Дмитрий Смирнов - Золотая Ладья
— Пусть боги пошлют нам удачу! — Огненный Бык одним духом осушил рог и вытер усы. На его лице проступило хищное выражение. — Всеотец уже заждался многих из нас, а ворота в Вингольв[50] стоят открытыми.
— Слова настоящего хирдманна, — одобрительно ухмыльнулся Олав.
Сбыслав уже поднялся с опилка, однако ярл удержал его.
— Обожди, князь.
Легкий холодок вдруг пробежал по шее Сбыслава.
— Разве мы не обо всем с тобой договорились, Медвежья Лапа? — спросил он с беспокойством.
— Обо всем, — признал Олав. — Но прежде, чем ты покинешь нас, я хотел бы, чтобы ты вместе со мной глянул на знаки судьбы, которые разложит для нас Даг Угрюмый.
Сбыслав напрягся еще сильнее.
— Твои вои занимаются волхованием? — он попытался вложить в свой вопрос как можно больше презрения, однако голос его подвел. Князь кривичей кашлянул, заглушая дрожь.
— Даг, кормчий с «Волка Бури», самый старый из нас, — поведал ярл. — Он редко говорит, но многое видит. Должно быть, за его молчаливый нрав Одиннаделил его даром понимать руны. Не раз этот дар вызволял нас из тяжелых передряг. Перед серьезным делом лучше узнать, чего стоит ждать от похода.
— Что ж, я готов взглянуть на твоего обавника[51] и его умения, — с неохотой подчинился Сбыслав.
— Эй, кликните сюда старого Дага и Бови Скальда! — велел Олав ратникам.
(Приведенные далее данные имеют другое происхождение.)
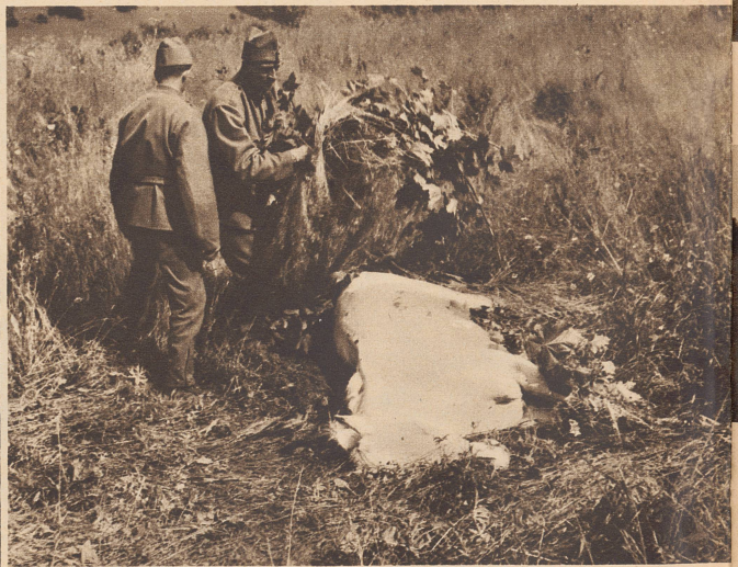
Sterbendes Spahipferd. Es ist den Strapazen des Rückzuges erlegen und zwei Kilometer von der Grenze, gleich nach der Ankunft in der Schweiz, zusammengebrochen. Es war nicht mehr auf die Beine zu bringen, und so löschte ein Schuß sein Leben aus. Sein Besitzer weinte, und die Schweizer Soldaten legten eine Laubdecke über den Kadaver. Fern in Afrika, am Rande der Sahara, war der Hengst geboren, auf einer blühenden Berner Juramatte ist er gestorben.

Des soldats suisses recouvrent de branches et de verdure un cheval de spahi, tombé peu après son entrée en Suisse. Il sera abattu d'un coup de revolver un peu plus tard. N/S 1048

Вскоре перед ярлом и князем кривичей предстали двое. Один — сутулый седовласый воин хмурого вида в потертой шерстяной рубахе красно-коричневого цвета, покрытой желтыми заплатками, образующими на груди фигуры двух воронов. Сбыславу было известно, что такие заговоренные заплаты на одежде выполняют у урман роль оберегов. Штаны, мешковато топорщащиеся над засаленными обмотками икр, имели синие полосы. На кожаной перевязи его висел длинный, но бесхитростный меч с деревянной рукоятью. Другой воин был совсем юным и на удивление стройным, с глубокими голубыми глазами. Русые волосы его были собраны в раздвоенную косу на затылке, темя стянуто золотистой повязкой. Плащ с бобровой опушкой, наброшенный поверх кольчуги, крепился на правом плече большой треугольной застежкой, а в нескольких местах его покрывали бронзовые бляшки в форме лошадиных голов и похожие на полумесяц броши.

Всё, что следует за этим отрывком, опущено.